Tess’s eyes go wide, but I don’t stop.
"He said we’d tell people she left. But when I woke up the next morning… he was gone.
"I hadn’t panicked until then. Before that, I’d been numb. Maybe a little sad she was dead, but mostly relieved. But being alone? That’s when I had my first panic attack. I thought I was dying.
"After that, I shut down. Nate’s the only person I ever really let in—until Carina and Enzo wormed their dumbasses into my life.
I don’t know how to let people in, because when I do, they leave.
I can’t handle change, because my whole childhood was spent not knowing which version of my mum I’d get each day.
I hate mess because she would beat me black and blue for leaving a plate out on the side.
I hate blood because I watched my kitchen covered in her blood as my dad hacked her body to pieces. "
Tess rests her head on my shoulder, and we sit in silence until she finally asks, “Then why do you clean crime scenes? If you hate blood?”
I huff a laugh. "Carina asked me that once. I didn’t really answer her.
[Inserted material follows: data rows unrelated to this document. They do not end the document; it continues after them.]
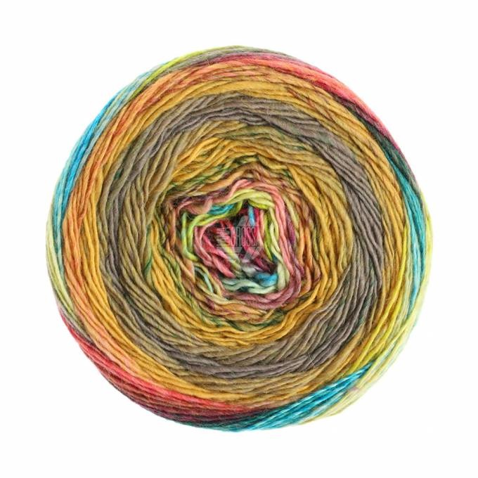 Gomitolo Finito 558 Kleur: Oker-Grijspaars-Petrol-Turquoise-Roze-Lila
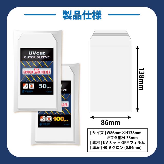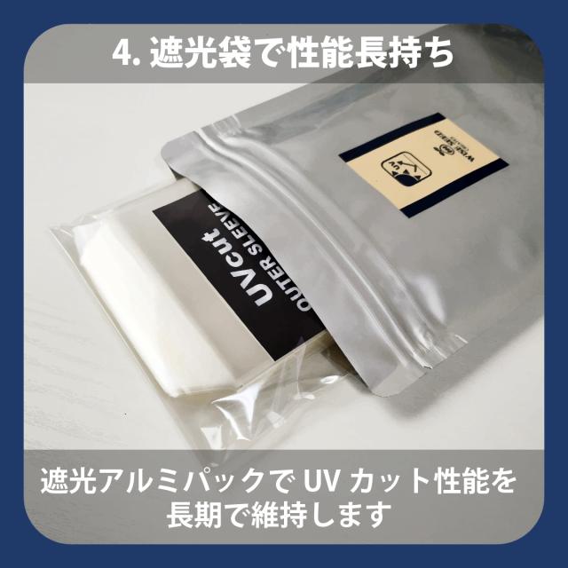 スリーブはトレーディングカードの大敵である日焼け・色あせを防止するUVカットフィルムを使用しております。紙やインクの劣化を招く紫外線領域の約80%をカットする素材を使用し、長くきれいに保管・鑑賞できるスリーブを作りました。
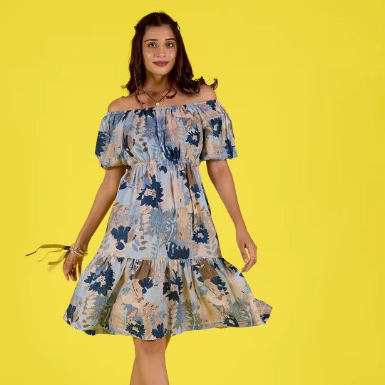 ชุดเดรสสีน้ำเงินลายดอกไม้ ทรงเข้ารูป กระโปรงบานระดับกลาง ไหล่เปลือย แขนสั้น คอเปิดไหล่ แต่งเชือกผูก ชายกระโปรงระบาย เอวธรรมชาติ เป็นมิตรต่อสิ่งแวดล้อม
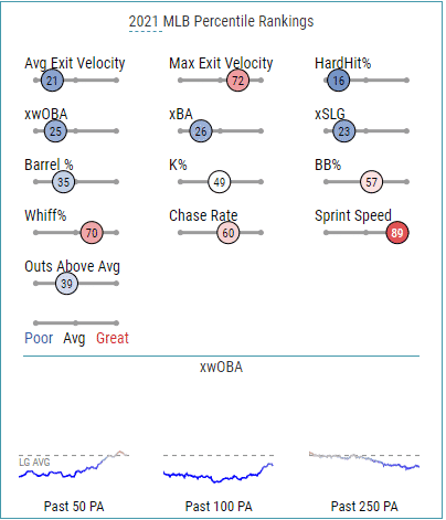 | 2021 | Sept/Oct | 8.2% | 16.4% | 0.50 | .254 | .315 | .284 | .599 | .030 | .309 | 6 | -2.6 | .271 | 71 |
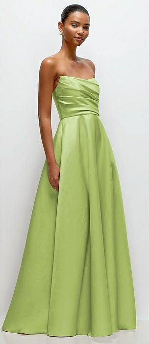 Strapless Draped Cat-Eye Satin Maxi Dress with Full Skirt in mojito
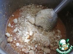 Хурму пробить блендером, раскрошить печенье для придания стабильности начинке.
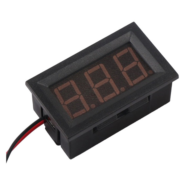 ماژول ولت متر دیجیتال 4.5 تا 30 ولت، برای اندازه گیری و نمایش ولتاژ DC مورد استفاده قرار میگیرد. این ولتمتر 0.36 اینچی، دارای ولتاژ با دامنه 4.5-30 ولت DC و نمایشگر سون سگمنت قرمز رنگ با سایز 0.36 اینچ و دو سیم قرمز و مشکی میباشد. که سیم قرمز به مثبت و سیم مشکی به منفی متصل می شود . به منظور دستیابی به بهترین دقت اندازه گیری، ولت متر به طور خودکار موقعیت نقطه اعشار را با توجه به اختلاف ولتاژ اندازه گیری شده جابجا می کند. از این ماژول می توان جهت اندازه گیری ولتاژ در ماشین و انواع مدارات مختلف در بازه ی 4.5 تا 30 ولت بهره برد. این ماژول ضد رطوبت، ضدآب، ضد شوک و ضد روغن نیست. لطفا هنگام استفاده رعایت کنید.
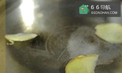 2锅中放水,然后放入姜片、盐5克。
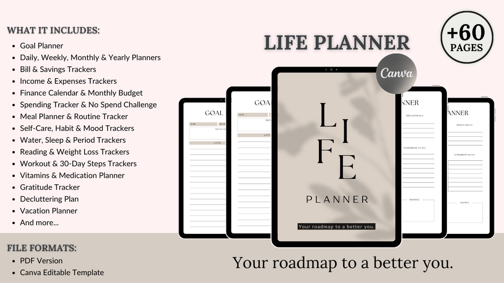 Life Planner PDF Version (+60 pages) - PDF file that contains the link to your planner canva template
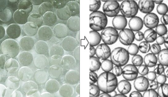 破砕や形状の変化を確認。破砕進行は圧力損失増加や樹脂流出の原因に。
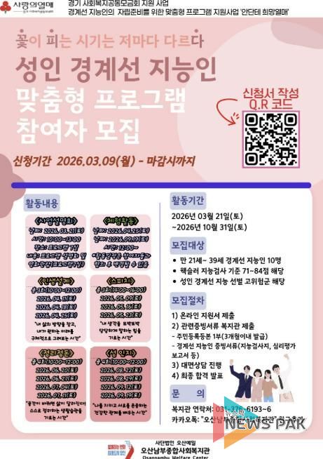 뉴스팍 이소율 기자 | 오산남부종합사회복지관은 지역사회 내 복지 사각지대에 놓인 성인 경계선 지능인을 위한 맞춤형 지원 프로그램 ‘꽃·피·다’를 오는 4월 11일부터 운영한다고 밝혔다.
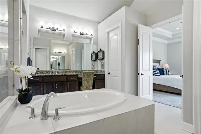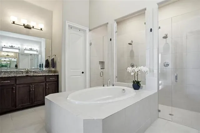 The main-floor primary suite offers a peaceful retreat with a spa-like bath, soaking tub, separate shower, and a spacious walk-in closet.

She lifts her head, eyes finding mine. "Will you tell me?"
I hold her gaze, then nod. "Because that first time, Nate needed me, and I knew what to do. He’s my best friend, and even though I struggled with the memories, I found that the cleaning actually made me feel in control of it.
Now, I do it because I believe in his cause.
He eradicates the worst people—the ones worse than my mother.
I like that I can be a part of that. Even if I can’t get involved in the killing side. "
“Does Nate know that you hate it?”
“Hate is a strong word. I hate the blood, but sometimes the cleaning makes me feel better. I like cleaning, it’s therapeutic. Do I wish he’d be less messy? Yeah. But Nate needs artistry the same way I need control.”
We both fall silent. The weight of my words settles over us like a blanket.
Then Tess nudges my shoulder playfully. “I think this is the most you’ve ever spoken to me.”
A laugh bubbles up before I can stop it, my chest and shoulders shaking with the force as my head tips back, my lips pulling upwards.
I pinch her side and she yelps.
“Don’t expect it to become a regular thing.”